Legacy search timeline showing multiple forced synchronous layouts. This is also known as layout thrashing.
Legacy search timeline showing multiple forced synchronous layouts. This is also known as layout thrashing.

Search Load Start To First Render Investigation

Graph of 'search load start to first render' metric

Search Load Start To First Render: Is there more?

Load start to first render steps with a gap between the modules loading step and the initiation of the ajax request

Since the "Search load start to first render" metric is a superset of the "search load start to load end" metric and the first "search query to render" metric, we'd expect that all the factors that led to Vue performing worse in the previous metrics would play a role in this metric. This is true, but it turns out that there is an additional factor to consider between the "modules initialize" step and the "JS initiates request for 'a'" step.
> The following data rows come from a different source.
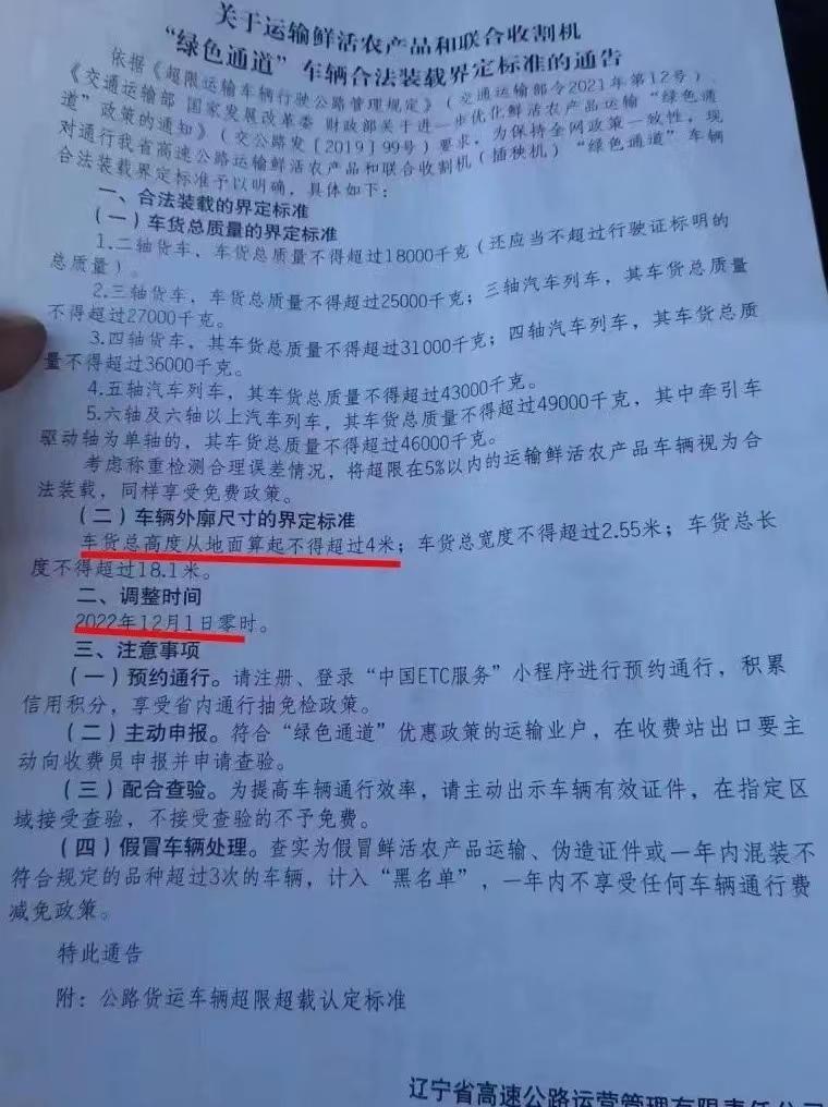 遼寧省高速公路運營管理有限責(zé)任公司于2022年12月1日實施的《關(guān)于運輸鮮活農(nóng)產(chǎn)品和聯(lián)合收割機(jī)“綠色通道”車輛合法裝載界定標(biāo)準(zhǔn)的通告》。受訪者供圖
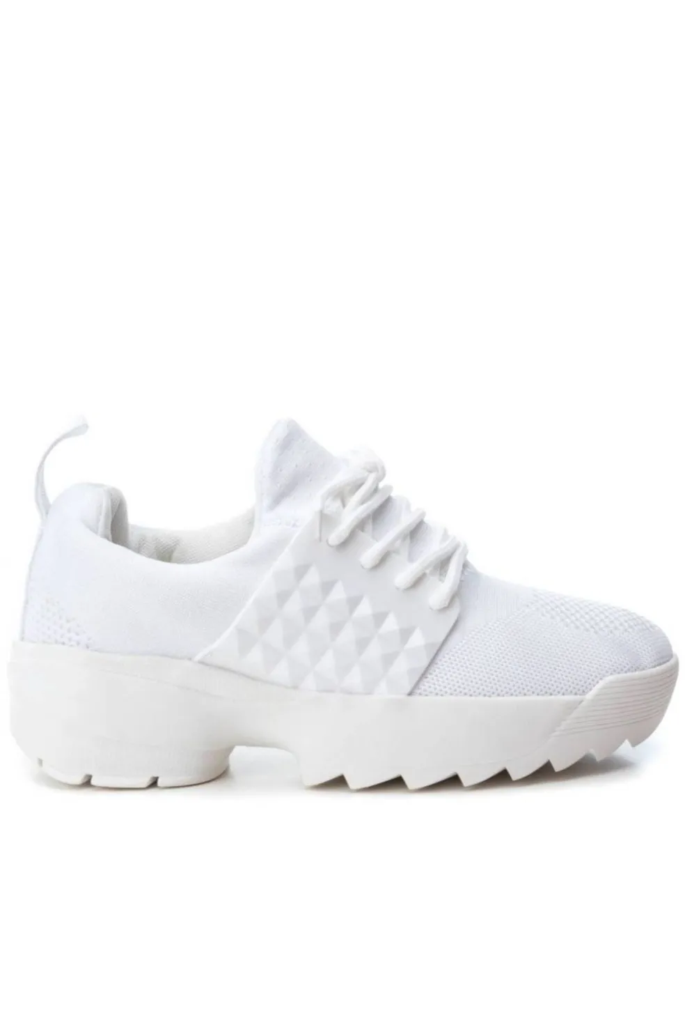 Zapatilla de mujer con suela blanca de 5 cm y cordones al tono. Zapatilla de Xti de pura tendencia para este verano. Decoraciones laterales con un toque rockero.
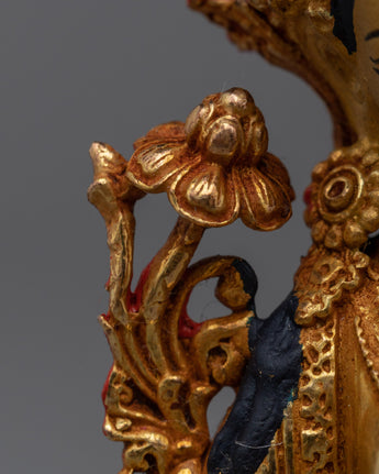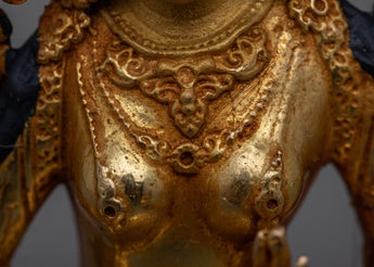 Our copper Tiny Green Tara statue, a representation of enlightened action and caring care, might be the ideal enhancement to your tranquil retreat. This 3.7" x 2.7" statue, despite its diminutive size, exemplifies the Buddhist principles of compassion, mercy, and prompt action. Work of art that was painstakingly machine-molded from top-quality copper. We are proud of the minute details, the vivid acrylic paintings, and the expert 24-karat gold gilding. This green deity's glossy texture symbolizes Tara's immortality and the enduring influence of her teachings.

Load start to first render gap

While both search implementations use a debouncer to prevent excessive network requests when the user rapidly types (or holds down a key), the legacy search implementation fires a network request during the module initialization step if it detects characters in the input while the Vue search implementation debounces/delays the request when this same scenario is recognized. While this should be easily correctable, it certainly plays a role in this metric as Vue search was using a 200ms debounce time when these results were recorded.

Conclusion

From my analysis, I believe the following to be true at the time of this writing:

  • Vue search’s JS modules are slower to load than legacy search’s modules. This is likely because of a 10x increase (6.9 kB vs 69 kB) in payload size.
  • Vue search’s JS modules are slower to initialize than legacy search’s modules.
  • Vue search's JS handling of each ajax response is faster than legacy search. This is likely due to legacy search’s inefficient layout thrashing.
  • All of the metrics collected are influenced by network requests including whether they have been cached by the edge (e.g. Varnish).
  • The legacy search API usually has a faster network response for the queries “ab” and “abc”, but both have similar speeds for the query “a”. This might be related to the fact that the Vue search API must do more work than legacy search API to produce a response by needing to include thumbnails and descriptions.
  • Vue search is influenced by debounce time during the "Search Load Start To First Render" metric. Legacy search fires the request immediately if the input while the search modules are loading. We should be able to easily improve Vue search in this regard.

During this analysis, I looked at many performance timelines and data. You can take a closer look at the same data I observed by importing the timelines I saved in a repo. Let me know if you find anything interesting!